All of this information was gathered from Berkshire Hathaway’s annual reports. Feel free to read through the annual reports on your own if you want to verify this information.
During the most recent annual meeting for Berkshire Hathaway, Wells Fargo was praised by Warren Buffett and he came right out and told us that it is one of his favorite investments. They’re actually ranked among the US banking industry as number one in total market value being worth $176 billion.
This is true even though it is only the fourth largest bank when you add up its total assets. They actually have the most extensive network of branch banks throughout the entire United States of America, and they total 6200 retail branches throughout 39 states of the USA. They also serve one out of three homes in the USA, and they are the originator of one out of four home mortgages and they even service home loans more than any other bank in the industry.
One thing you might want to note is that Wells Fargo has stuck with its plan by narrowing its focus. It planned on developing its original mission of commercial banking, and it has succeeded wholeheartedly in this endeavor. They never changed course along the way by jumping into high risk investment banking. This was the downfall of a lot of their major competitors. They also stayed local, whereas many of the competitors expanded into Europe. This is a major problem for some of these banks since many countries in Europe are experiencing enormous challenges from a financial perspective.

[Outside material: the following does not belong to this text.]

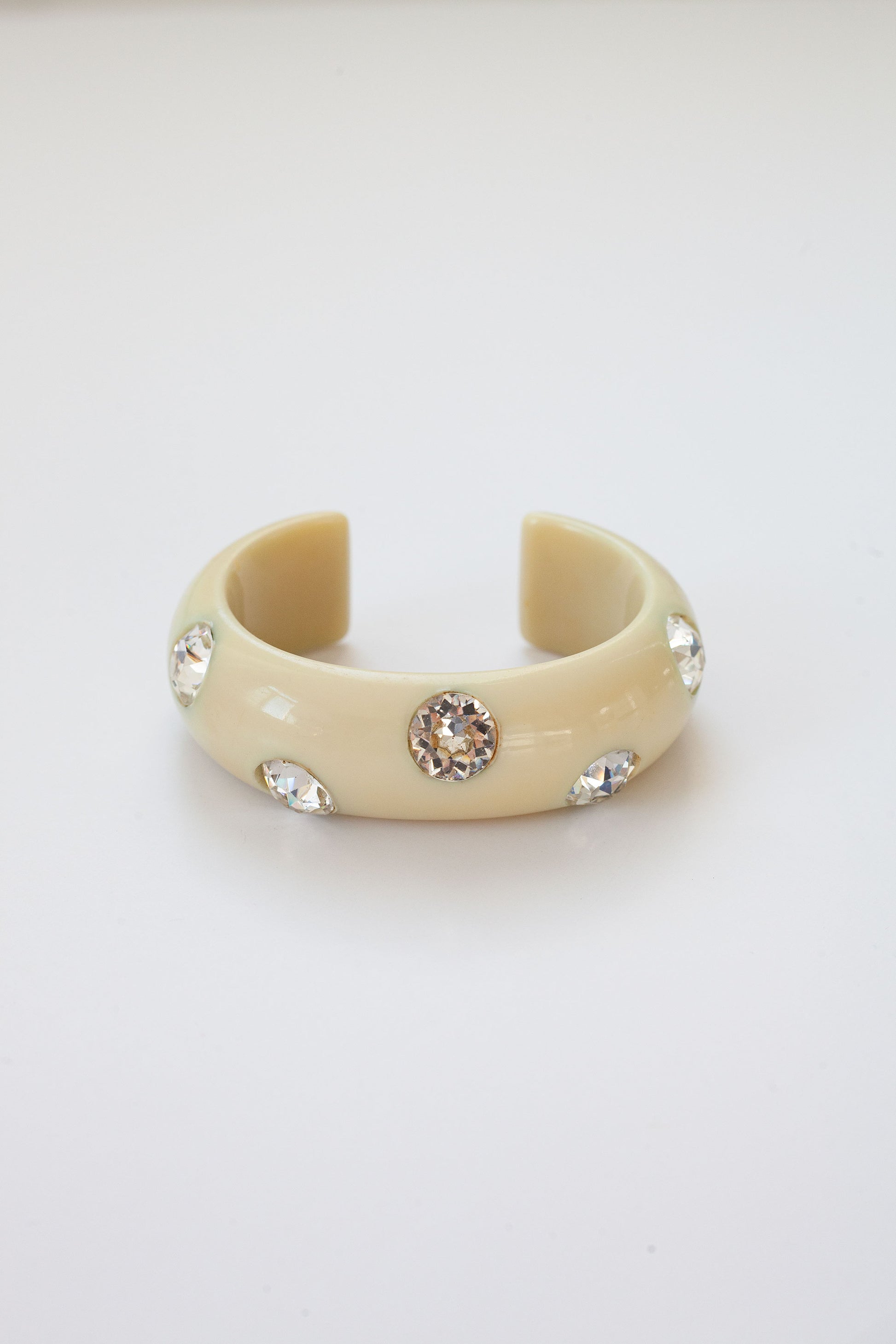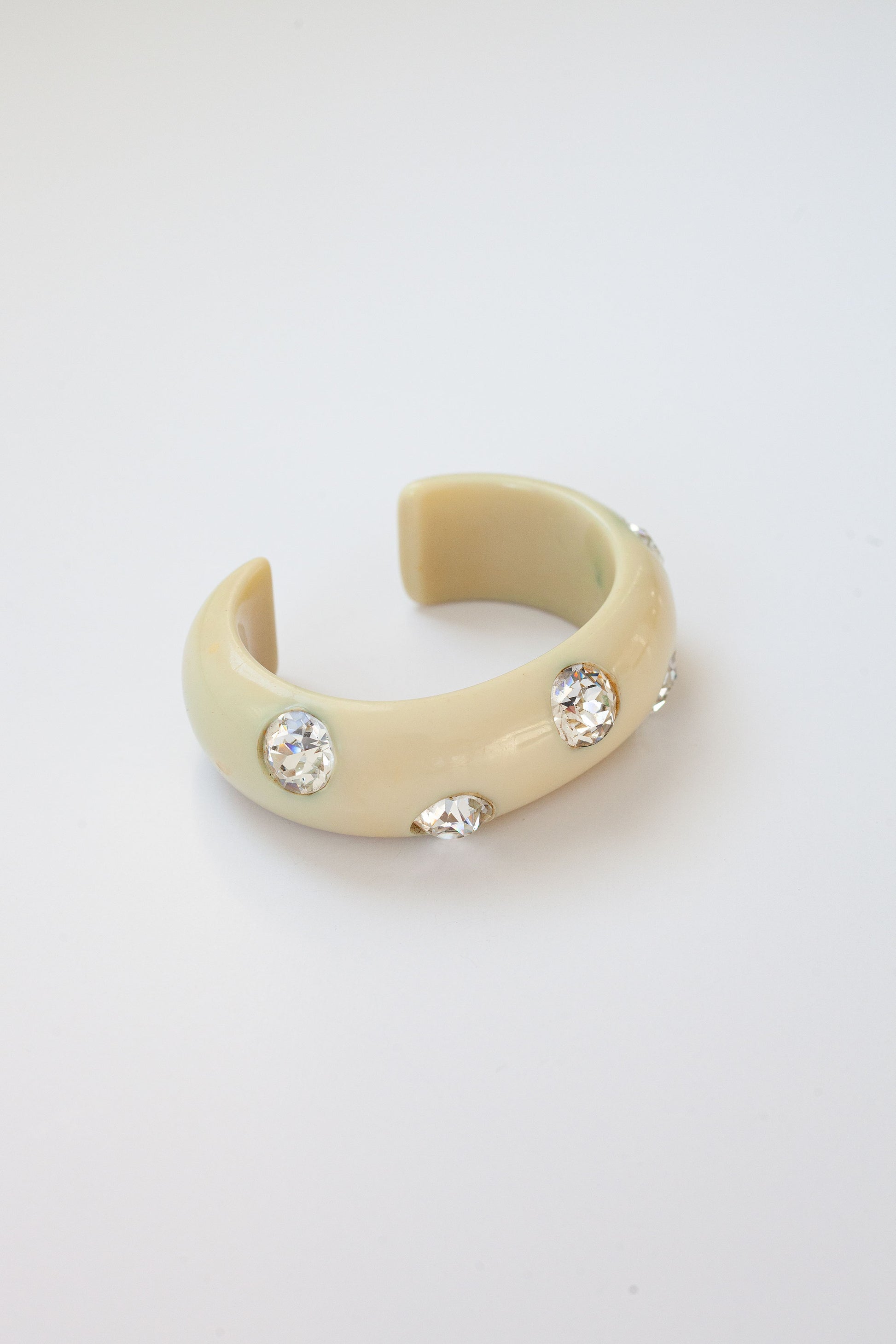 Vintage celluloid cuff bangle, with large rhinestones.

Wells Fargo’s assets are basically all in the US. A total of 97% of their assets are United States based, and 98% of their employees are also in the USA. They have a cross-selling strategy which they vigorously pursue, and they make it a point to get their existing customers to use additional products. This is a substantial part of their success, as the average customer of Wells Fargo actually uses around six products that their bank has to offer. This is much different from the way they operated where they only offered one or two in the 1980s.
Wells Fargo pulled in a net income of $16 billion in 2011. This is up from their numbers in 2008 where they only made 2.7 billion. They also made a major purchase in 2008, and they purchased Wachovia Bank for $15 billion during that year. This was a big addition to the bank because it expanded their presence in the South as well as the East in the United States. They were also capable of entering into brokerage services through this purchase since Wachovia is also the owner of A.G. Edwards. This gave them a much greater ability to cross sell more products to their existing customers.
The most important thing about Wells Fargo is their loan portfolio. It is in much better shape than the portfolios of their competition. Their net charge-offs were only 1.25% of their total loans of the first quarter of 2012. Bank of America’s net charge-offs were 1.8% and J.P. Morgan Chase’s net charge-offs were 2.19%. Citigroup was the worst at 3.19%.
There are many analysts expecting Wells Fargo to earn more than 10% per share over the next five years. The shares are currently valued at a reasonable 10 times earnings. This makes Wells Fargo a very attractive investment when you base it on risk/reward.